Coronabedingt wird die ursprünglich bereits für 2020 geplante Ausstellung nun in modifizierter Form eröffnet. im Showroom hinter den Fenstern des VBK werden Beiträge von Rosika Janko- Glage, Helga Wagner, Barbara Czarnojahn, Maria Korporal, Andrea Streit, Lupe Godoy und Tom Albrecht gezeigt. Weitere Teilnehmer*innen der Ausstellung sind Conrad Brockstedt, Lina Schobel, Burchard Vossmann und Paul Reßl sowie das Kollektiv thinking of Yves (Andrea Streit und Nancy Happ).
Die Ausstellung wird virtuell über Facebook eröffnet und über die Ausstellungsdauer hinweg begleitet.
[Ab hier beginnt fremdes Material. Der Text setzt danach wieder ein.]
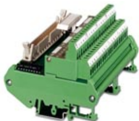
VARIOFACE interface module, with LED, for 8 channels

Please be informed that the data shown in this PDF Document is generated from our Online Catalog. Please find the complete data in the user's documentation. Our General Terms of Use for Downloads are valid ( http://phoenixcontact.com/download )
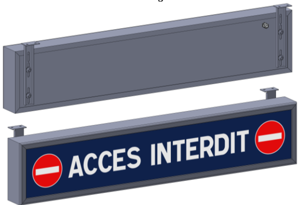
Montage sous plafond

Sobald es die Corona-Situation erlaubt, wird die Ausstellung in Gänze und real für Besucher geöffnet.

Gefördert wird das Projekt durch GMS Immobilia KG.

Begleitprogramm zur Ausstellung:
28.02.2021, 14.00 Uhr Livestream via Zoom:
„Pars pro toto – der Hambacher Forst als Symbol für die Konflikte eines Wertewandels“ Vortrag von Thomas Rath, Mitglied Inititative „Buirer für Buir“, die 14. November 2020 mit dem Jury-Preis der taz Panter-Stiftung ausgezeichnet wurde.